▶ [Exercise goal]: In the data below, find the line that contains "小米集团于北京时间 2025 年" and the line that contains "食事はそこそこ種類がありまし". Copy both, plus every line between them, exactly.

▶ [Material for this task]:
········

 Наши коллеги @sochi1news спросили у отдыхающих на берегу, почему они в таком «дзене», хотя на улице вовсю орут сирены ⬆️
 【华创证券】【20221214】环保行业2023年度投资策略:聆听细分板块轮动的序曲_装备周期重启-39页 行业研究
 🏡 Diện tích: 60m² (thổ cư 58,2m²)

········

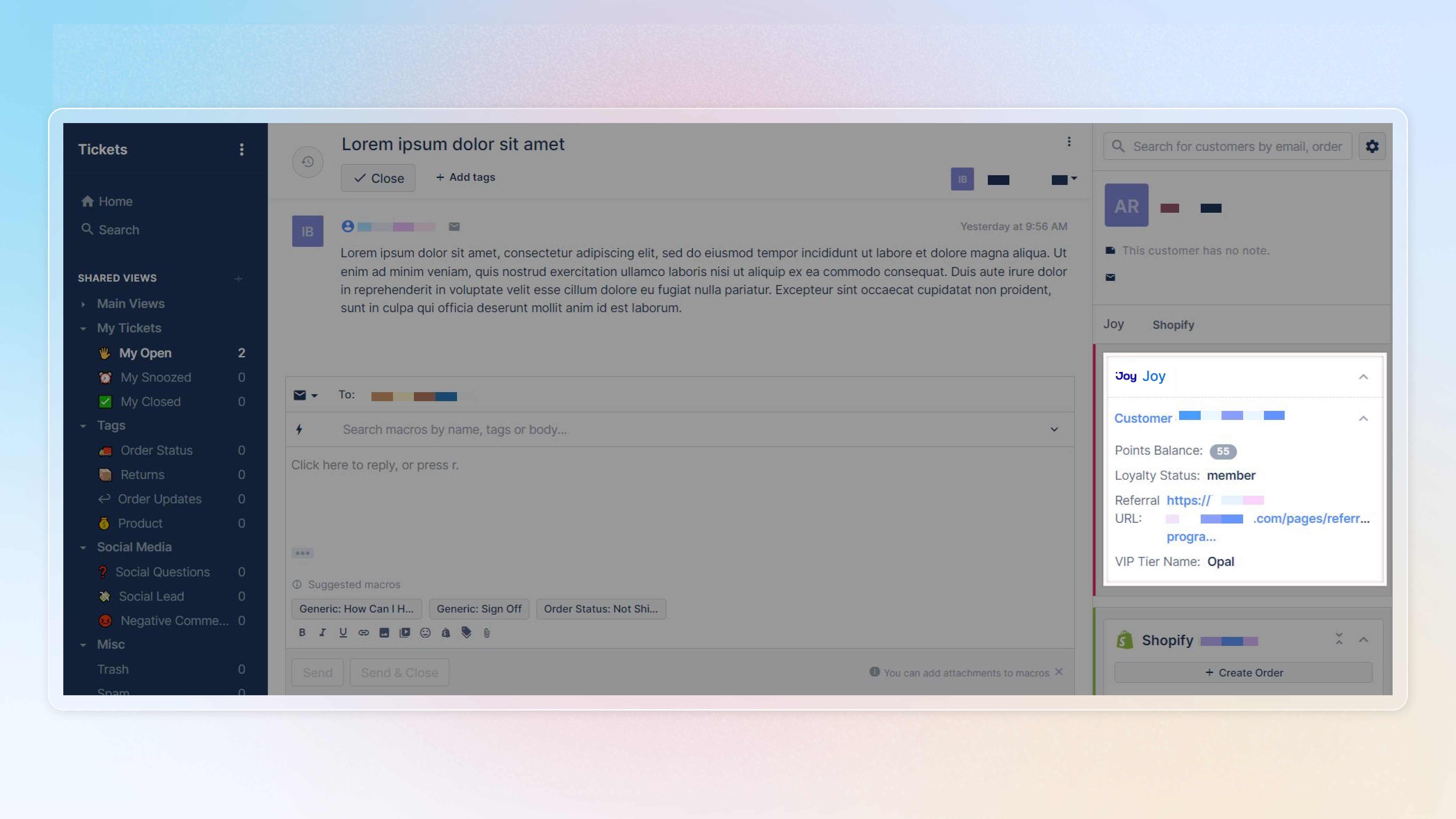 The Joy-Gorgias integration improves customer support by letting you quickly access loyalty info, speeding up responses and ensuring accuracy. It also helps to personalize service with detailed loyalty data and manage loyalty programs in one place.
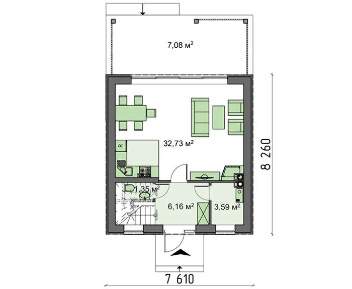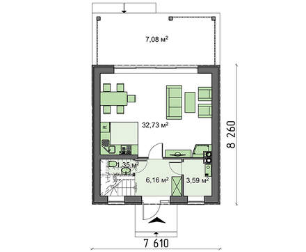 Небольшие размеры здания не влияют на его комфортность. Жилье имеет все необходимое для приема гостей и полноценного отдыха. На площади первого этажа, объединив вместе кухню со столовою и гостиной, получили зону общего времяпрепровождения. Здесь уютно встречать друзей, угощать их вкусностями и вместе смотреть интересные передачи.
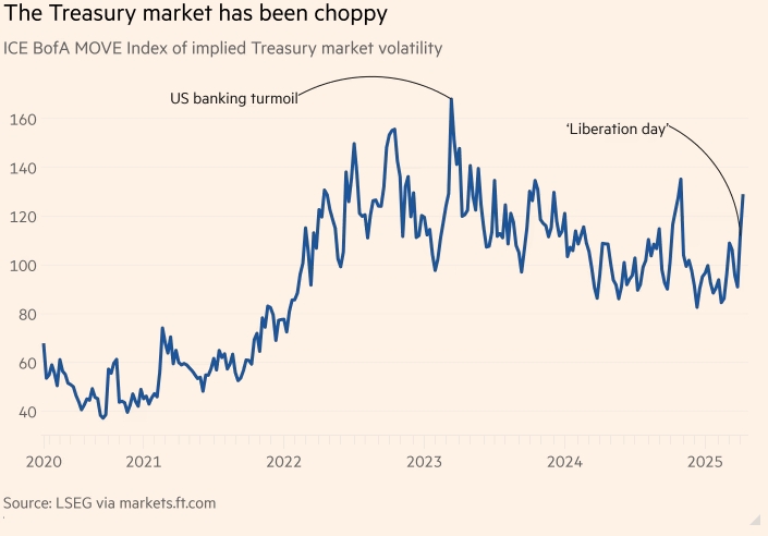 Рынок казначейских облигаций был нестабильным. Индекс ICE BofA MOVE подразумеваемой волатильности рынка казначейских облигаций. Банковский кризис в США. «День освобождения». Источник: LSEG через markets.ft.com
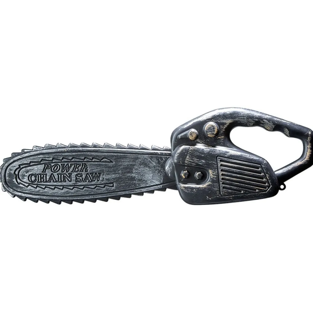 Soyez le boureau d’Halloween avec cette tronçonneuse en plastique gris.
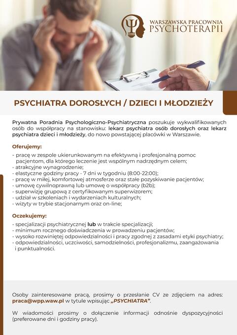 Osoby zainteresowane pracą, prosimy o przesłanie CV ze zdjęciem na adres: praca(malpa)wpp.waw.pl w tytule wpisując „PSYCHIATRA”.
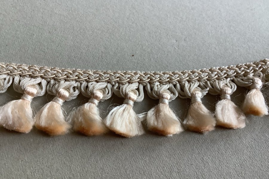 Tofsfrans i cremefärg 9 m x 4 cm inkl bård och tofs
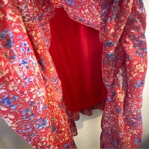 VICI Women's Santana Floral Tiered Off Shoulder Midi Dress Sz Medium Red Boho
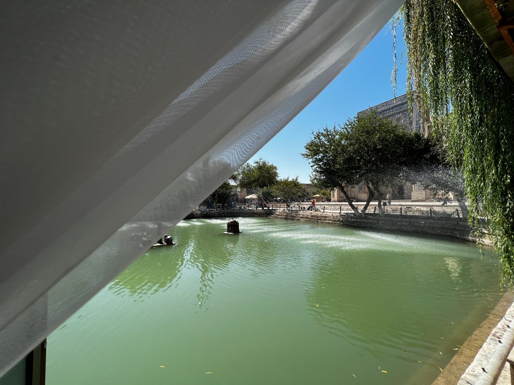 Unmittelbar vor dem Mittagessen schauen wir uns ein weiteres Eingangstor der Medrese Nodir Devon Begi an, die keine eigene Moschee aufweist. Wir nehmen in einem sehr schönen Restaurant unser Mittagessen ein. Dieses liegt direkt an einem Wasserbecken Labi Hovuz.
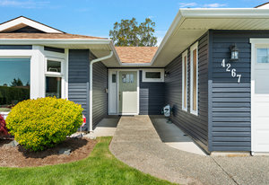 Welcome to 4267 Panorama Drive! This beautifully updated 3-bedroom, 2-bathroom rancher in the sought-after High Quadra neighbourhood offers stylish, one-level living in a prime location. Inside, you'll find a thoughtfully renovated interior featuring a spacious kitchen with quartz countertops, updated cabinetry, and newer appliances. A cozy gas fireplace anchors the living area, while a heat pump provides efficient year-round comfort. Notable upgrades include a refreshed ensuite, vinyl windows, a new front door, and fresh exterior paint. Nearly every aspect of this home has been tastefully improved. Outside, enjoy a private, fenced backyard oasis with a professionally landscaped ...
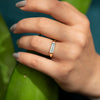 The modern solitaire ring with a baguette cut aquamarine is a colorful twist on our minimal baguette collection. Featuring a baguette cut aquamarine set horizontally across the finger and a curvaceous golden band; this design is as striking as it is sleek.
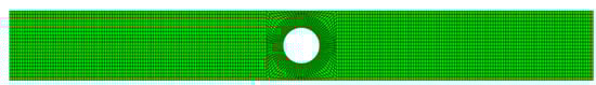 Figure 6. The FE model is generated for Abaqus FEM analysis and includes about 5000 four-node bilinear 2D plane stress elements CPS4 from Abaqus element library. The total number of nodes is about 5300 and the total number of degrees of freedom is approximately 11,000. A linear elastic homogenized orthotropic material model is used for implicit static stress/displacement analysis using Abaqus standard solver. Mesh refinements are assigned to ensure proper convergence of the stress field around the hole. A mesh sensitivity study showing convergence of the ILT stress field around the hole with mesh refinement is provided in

········

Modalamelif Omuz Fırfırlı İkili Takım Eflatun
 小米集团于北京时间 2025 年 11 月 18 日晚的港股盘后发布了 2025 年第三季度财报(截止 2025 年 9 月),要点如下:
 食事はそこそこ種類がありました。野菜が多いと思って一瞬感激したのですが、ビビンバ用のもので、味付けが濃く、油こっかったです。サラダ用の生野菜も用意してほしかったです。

········

▶ [Written response]:
 小米集团于北京时间 2025 年 11 月 18 日晚的港股盘后发布了 2025 年第三季度财报(截止 2025 年 9 月),要点如下:
 食事はそこそこ種類がありました。野菜が多いと思って一瞬感激したのですが、ビビンバ用のもので、味付けが濃く、油こっかったです。サラダ用の生野菜も用意してほしかったです。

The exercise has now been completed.